Martin Bros. Recipes

Stuffed Airline Chicken Breast with Wild Mushroom Sauce & Roasted Balsamic Green Beans

Keywords: Poultry

Added: November 18, 2016

4 each Tyson Airline Chicken Breast Halves (977580), thawed



YIELD | 36

48 oz Kraft Heinz Stove Top Chicken Flavored Stuffing Mix (417050), prepared

16 oz Monterey Medium White Mushrooms (360930), coarsely chopped

1-1/2 cups Wholesale Celery (360445), small diced

1 cup Capital City Jumbo Yellow Onion (361045), small diced

As needed Roland Pomace Olive Oil (620390)



YIELD | 24

1 lb Custom Culinary Gold Label Wild Mushroom Tapenade (953880)
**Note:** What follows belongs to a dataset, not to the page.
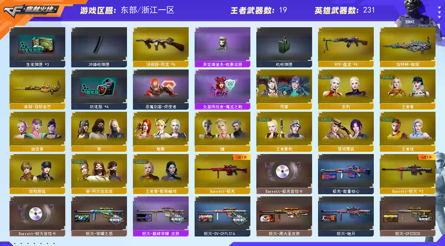 【商品标题】:东部浙江一区-243V-可二次实名-【Lv.102-荣耀元帅】-【段位:荣耀枪王】 【稀有武器】:M200-幻神/Kar98K-星神/G36C-幻影/ScarLight-白虎/AK47-雷暴/雷霆之契/USP-雷暴/COP-堕天神(3)/破空枪刃-夜魔/柯尔特-竞技荣光/USP-神工天巧/天神-动感闪耀/COP357-云龙/柯尔特-荣耀世冠白鲨2023/修罗-古蛇迷踪/沙鹰-幻兽/柯尔特-冠军之特(2)/金色蔷薇-古蛇迷踪/QBZ03-金色蔷薇/AK47-火麒麟(2)/M4A1-黑龙/M4A1-雷神(5)/M4A1-黑骑士(2)/AK47-无影/荣耀世冠-火麒麟/Barrett-毁灭(3)/Barrett-极光/AWM-裁决/M200-竞技荣光/RPK-盘龙(4)/加特林-炼狱/汤姆逊-烈龙(6)/AA-12-雷霆/炽芒蝶刃(2)/斩神刀-雷暴/马来剑-夜魔/擎天-竞技荣光/云龙扇/女皇利刃-幻兽 【王者武器】:王者之心-觉醒版/王者之魄-觉醒版/白虎之魄-觉醒版/王者之光-觉醒版/王者之决-觉醒版/王者幻神-觉醒版 【热门角色】:迷迭香/雨棠/魅影/奇洋探员/乔伊教练/蛇隐宗/王者春/王者影豹/王者炫/潘多拉-X/幽/潘多拉 【热门音效卡】:M200-幻神音效卡/Kar98K-星神音效卡/AWM-裁决音效卡/Scar Light-白虎音效卡/Barrett-毁灭音效卡/M4A1-黑骑士音效卡/Barrett-极光音效卡 【热门皮肤】:幻神-星耀皮肤/幻神-宠儿-2021MVP/幻神-星火小队签名臻藏版皮肤/幻神-AG-CFPLS17冠军/幻神-冠军之幻/白虎-白鲨-CFPLS23冠军/裁决-巅峰荣耀皮肤/屠龙-星火燎原/QBZ03-冠军之薇/白虎-巅峰荣耀 皮肤/屠龙-破浪逐光皮肤/星神-璀璨皮肤/裁决-流光秘银/白虎-AG-CFPLS20冠军/炽芒蝶刃-破浪逐光皮肤/屠龙-巅峰荣耀皮肤/QBZ03-荣耀世冠白鲨/炽芒蝶刃-荣耀世冠白鲨2023皮肤/黑骑士-AG-S4冠军典藏/屠龙-荣耀之锋/毁灭-荣耀之怒/屠龙-春桃皮肤/毁灭-CFS2020/雷神-荣耀之魄 【其他亮点】:Knife-冠军之刃/白虎-九尾白狐/VEPR-12-金魔/烟雾弹-荣耀世冠白鲨2023/哔哩哔哩名片/哔哩哔哩名片 (截图展示段位不代表实际段位,如赛季更新等不可抗拒因素发生变化,其余道具看截图或咨询客服);USP-雷暴,USP-雷暴王者,柯尔特-荣耀世冠白鲨2023,柯尔特-冠军之特,炽芒蝶刃,Knife-冠军之刃,妮妮,

1 pint Custom Culinary PanRoast® Brown Gravy Mix (504010), prepared  



YIELD | 4 48 oz 

1 lb Norpac Flav-R-Pac® Premium Extra Fine Green Beans (961740)

2 Tbsp Roland Balsamic Vinegar (422110)

1 Tbsp McCormick Lawry’s® Roasted Garlic & Red Bell Pepper Seasoning (473241)


PREP | 1. For Stuffing: Sauté mushrooms, celery and onion with olive oil until tender; add to stuffing. 2. Stuff chicken. Prop drumsticks up. Lightly brush oil on top and season with salt and pepper, if desired. (Do not over season, because the stuffing and sauce will add to the flavor.) 3. Bake chicken at 375°F until internal temperature reaches 165°F, approximately 45 minutes. 4. For Wild Mushroom Sauce: Mix tapenade and gravy together; heat. 5. Top baked chicken with heated mushroom sauce. 6. For Roasted Balsamic Green Beans: Toss green beans with vinegar and seasoning. Pour onto baking pan. Roast at 375°F until green beans are heated through. 7. Serve with choice of soup or salad.